AMENDMENT TO CABOT CORPORATION SHORT-TERM INCENTIVE COMPENSATION PLAN
Exhibit 10.4
AMENDMENT TO
CABOT CORPORATION
SHORT-TERM INCENTIVE COMPENSATION PLAN
Cabot Corporation, a Delaware corporation (the Company), pursuant to Section VIII of the Cabot Corporation Short-Term Incentive Compensation Plan (the Plan) and Section 4.F of the Cabot Corporation Benefits Committee Amended and Restated Charter (the Charter), hereby amends the Plan effective January 1, 2009, as follows:
A new Section VI is added as follows and the sections previously numbered VI and above are renumbered accordingly:
Unless an Award letter or other documentation establishing an Award provides a specified and objectively determinable payment date or schedule to the contrary, all payments under the Plan will be made after the right to payment vests and in all events by March 15 of the calendar year following the calendar year in which the right to payment vests (or, if later, by the 15th day of the third month following the end of the Companys taxable year in which the right to payment vests).
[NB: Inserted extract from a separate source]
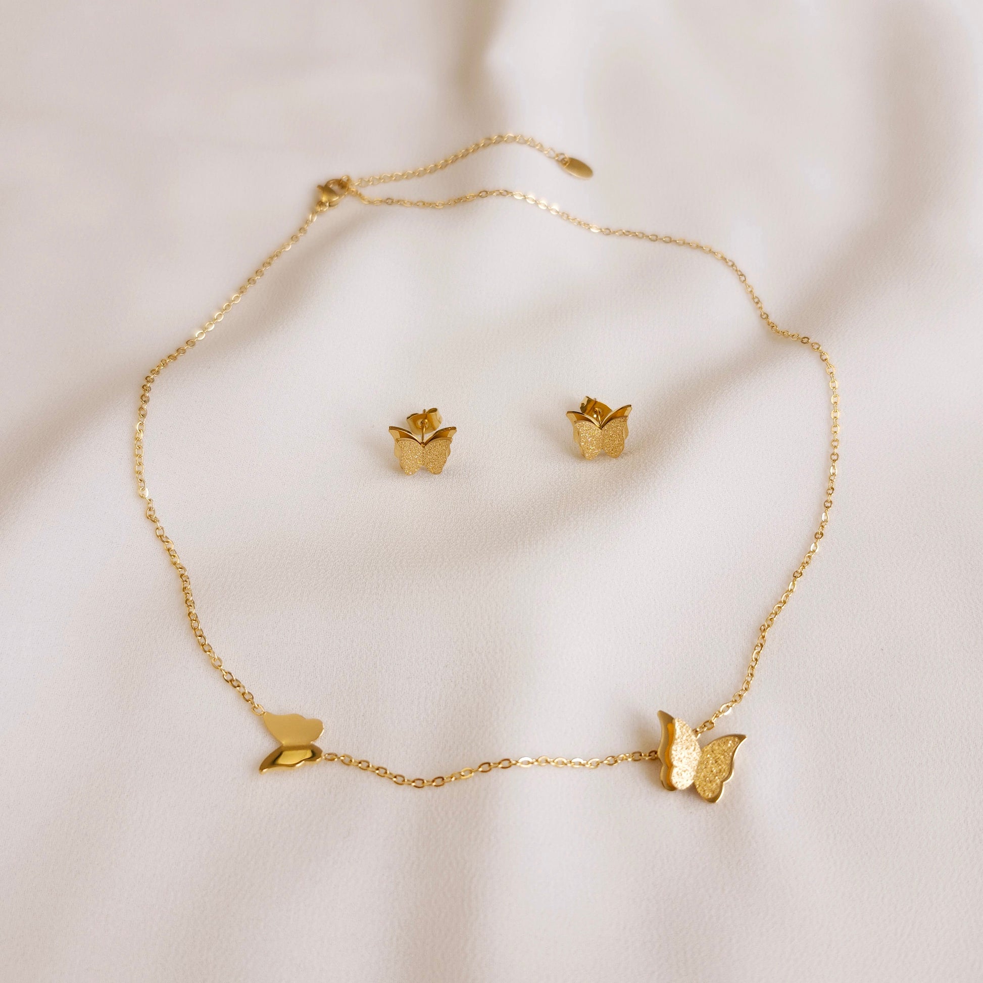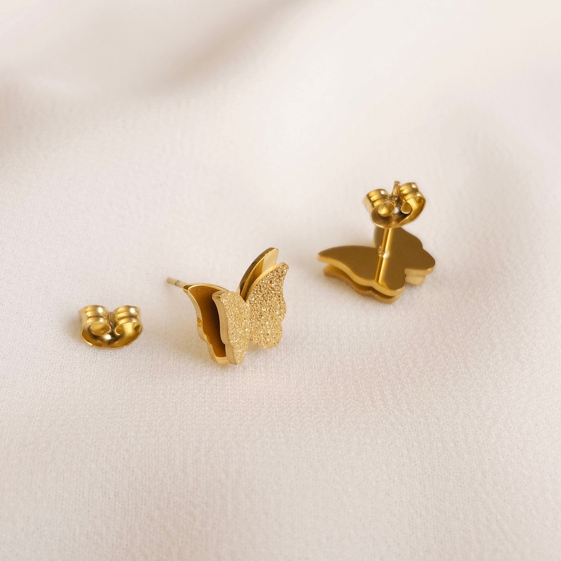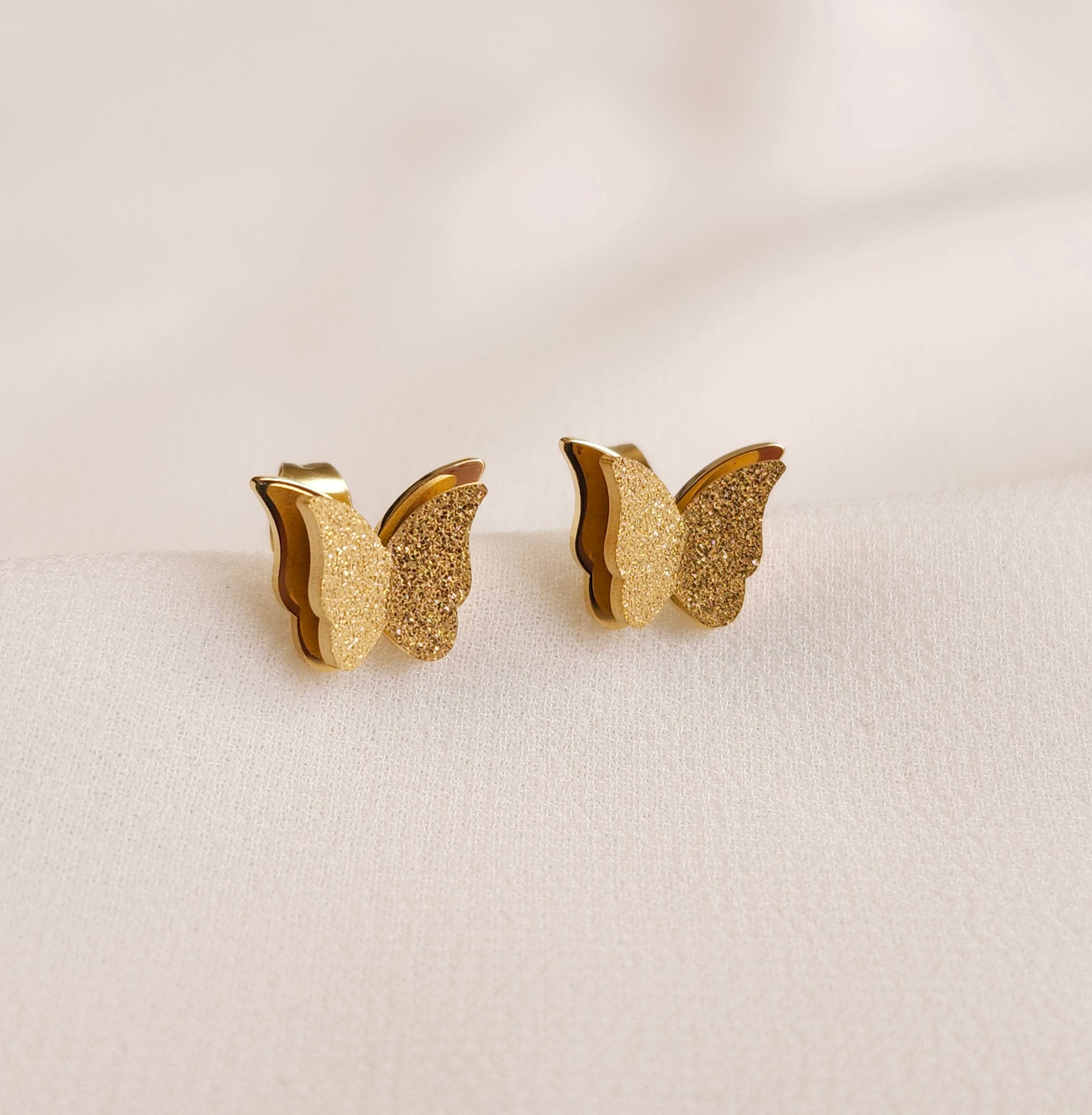 Add a touch of sparkle to your style with our stainless steel sparkling butterfly stud earrings. These dazzling studs feature intricately designed butterfly with a sparkle touch, adding a hint of glamour to any outfit. Elevate your everyday look with these elegant yet playful earrings that effortlessly capture the beauty of fluttering butterflies. Pair it with our Sparkling Butterfly Pendant Necklace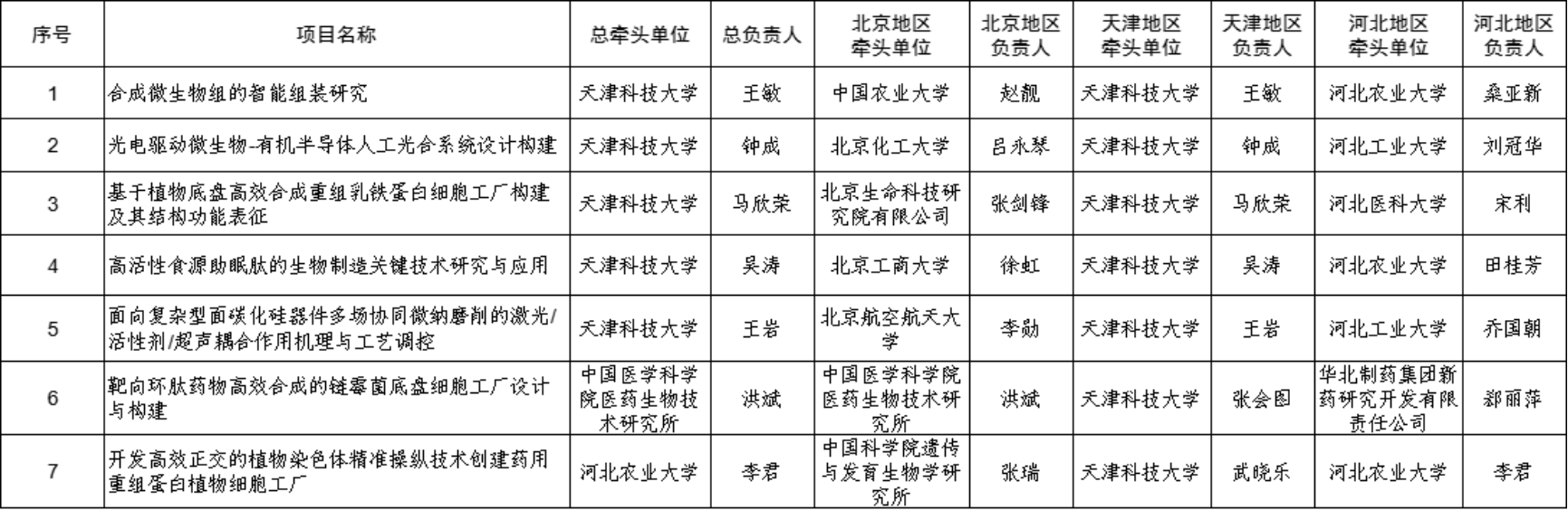 我校获批的项目聚焦合成生物制造、高端仪器设备和工业母机等京津冀区域发展核心领域,联合北京、河北两地高校、科研院所及企业共同申报。立项结果充分体现了我校基础研究与区域战略需求的高度契合,以及跨区域协作攻关的硬实力。

For purposes of the foregoing sentence, a right to payment will be treated as having vested when it is no longer subject to a substantial risk of forfeiture. Payments hereunder are intended to fall under the short-term deferral exception to Section 409A of the Internal Revenue Code of 1986, as amended, and shall be construed and administered accordingly.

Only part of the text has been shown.